◆ **Prompt**
Copy out every record precisely.

◆ **Material supplied**
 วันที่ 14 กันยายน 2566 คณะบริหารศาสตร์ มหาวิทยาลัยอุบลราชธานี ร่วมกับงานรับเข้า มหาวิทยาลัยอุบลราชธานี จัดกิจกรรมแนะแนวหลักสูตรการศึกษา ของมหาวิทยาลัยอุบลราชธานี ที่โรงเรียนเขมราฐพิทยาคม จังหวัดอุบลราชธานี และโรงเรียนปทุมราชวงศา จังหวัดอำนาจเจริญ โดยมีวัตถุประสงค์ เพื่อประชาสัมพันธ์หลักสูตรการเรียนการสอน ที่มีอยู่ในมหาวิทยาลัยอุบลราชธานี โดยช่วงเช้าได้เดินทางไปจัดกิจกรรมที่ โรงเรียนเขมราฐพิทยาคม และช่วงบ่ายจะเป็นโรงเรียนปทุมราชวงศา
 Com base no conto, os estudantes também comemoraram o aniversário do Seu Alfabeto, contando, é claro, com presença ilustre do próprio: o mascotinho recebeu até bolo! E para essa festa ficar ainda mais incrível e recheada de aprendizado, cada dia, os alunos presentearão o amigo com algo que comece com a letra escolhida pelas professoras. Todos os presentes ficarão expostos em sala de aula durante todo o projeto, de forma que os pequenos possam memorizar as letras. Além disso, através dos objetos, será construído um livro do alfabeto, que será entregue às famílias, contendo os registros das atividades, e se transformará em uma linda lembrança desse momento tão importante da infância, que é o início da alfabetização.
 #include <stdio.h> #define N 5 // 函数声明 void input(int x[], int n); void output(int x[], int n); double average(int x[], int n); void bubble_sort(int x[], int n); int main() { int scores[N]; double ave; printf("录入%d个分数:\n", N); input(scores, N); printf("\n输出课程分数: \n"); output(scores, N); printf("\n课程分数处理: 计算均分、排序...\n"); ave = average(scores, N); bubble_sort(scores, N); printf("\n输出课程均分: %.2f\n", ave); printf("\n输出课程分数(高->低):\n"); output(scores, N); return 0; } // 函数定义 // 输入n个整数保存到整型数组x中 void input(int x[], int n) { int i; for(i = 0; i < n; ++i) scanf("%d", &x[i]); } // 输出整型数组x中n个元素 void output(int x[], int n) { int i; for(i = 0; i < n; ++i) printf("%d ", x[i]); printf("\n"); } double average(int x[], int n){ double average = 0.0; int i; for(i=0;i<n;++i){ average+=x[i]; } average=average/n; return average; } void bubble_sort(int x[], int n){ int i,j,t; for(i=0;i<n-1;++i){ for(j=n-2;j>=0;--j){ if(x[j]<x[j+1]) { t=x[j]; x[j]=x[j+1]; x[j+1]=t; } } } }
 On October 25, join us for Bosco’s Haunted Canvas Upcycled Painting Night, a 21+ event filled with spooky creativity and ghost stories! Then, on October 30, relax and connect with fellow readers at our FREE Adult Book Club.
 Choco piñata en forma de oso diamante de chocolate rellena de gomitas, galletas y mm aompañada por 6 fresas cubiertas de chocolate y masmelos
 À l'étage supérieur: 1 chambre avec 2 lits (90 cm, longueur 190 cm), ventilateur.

◆ **The answer**
 วันที่ 14 กันยายน 2566 คณะบริหารศาสตร์ มหาวิทยาลัยอุบลราชธานี ร่วมกับงานรับเข้า มหาวิทยาลัยอุบลราชธานี จัดกิจกรรมแนะแนวหลักสูตรการศึกษา ของมหาวิทยาลัยอุบลราชธานี ที่โรงเรียนเขมราฐพิทยาคม จังหวัดอุบลราชธานี และโรงเรียนปทุมราชวงศา จังหวัดอำนาจเจริญ โดยมีวัตถุประสงค์ เพื่อประชาสัมพันธ์หลักสูตรการเรียนการสอน ที่มีอยู่ในมหาวิทยาลัยอุบลราชธานี โดยช่วงเช้าได้เดินทางไปจัดกิจกรรมที่ โรงเรียนเขมราฐพิทยาคม และช่วงบ่ายจะเป็นโรงเรียนปทุมราชวงศา
 Com base no conto, os estudantes também comemoraram o aniversário do Seu Alfabeto, contando, é claro, com presença ilustre do próprio: o mascotinho recebeu até bolo! E para essa festa ficar ainda mais incrível e recheada de aprendizado, cada dia, os alunos presentearão o amigo com algo que comece com a letra escolhida pelas professoras. Todos os presentes ficarão expostos em sala de aula durante todo o projeto, de forma que os pequenos possam memorizar as letras. Além disso, através dos objetos, será construído um livro do alfabeto, que será entregue às famílias, contendo os registros das atividades, e se transformará em uma linda lembrança desse momento tão importante da infância, que é o início da alfabetização.
 #include <stdio.h> #define N 5 // 函数声明 void input(int x[], int n); void output(int x[], int n); double average(int x[], int n); void bubble_sort(int x[], int n); int main() { int scores[N]; double ave; printf("录入%d个分数:\n", N); input(scores, N); printf("\n输出课程分数: \n"); output(scores, N); printf("\n课程分数处理: 计算均分、排序...\n"); ave = average(scores, N); bubble_sort(scores, N); printf("\n输出课程均分: %.2f\n", ave); printf("\n输出课程分数(高->低):\n"); output(scores, N); return 0; } // 函数定义 // 输入n个整数保存到整型数组x中 void input(int x[], int n) { int i; for(i = 0; i < n; ++i) scanf("%d", &x[i]); } // 输出整型数组x中n个元素 void output(int x[], int n) { int i; for(i = 0; i < n; ++i) printf("%d ", x[i]); printf("\n"); } double average(int x[], int n){ double average = 0.0; int i; for(i=0;i<n;++i){ average+=x[i]; } average=average/n; return average; } void bubble_sort(int x[], int n){ int i,j,t; for(i=0;i<n-1;++i){ for(j=n-2;j>=0;--j){ if(x[j]<x[j+1]) { t=x[j]; x[j]=x[j+1]; x[j+1]=t; } } } }
 On October 25, join us for Bosco’s Haunted Canvas Upcycled Painting Night, a 21+ event filled with spooky creativity and ghost stories! Then, on October 30, relax and connect with fellow readers at our FREE Adult Book Club.
 Choco piñata en forma de oso diamante de chocolate rellena de gomitas, galletas y mm aompañada por 6 fresas cubiertas de chocolate y masmelos
 À l'étage supérieur: 1 chambre avec 2 lits (90 cm, longueur 190 cm), ventilateur.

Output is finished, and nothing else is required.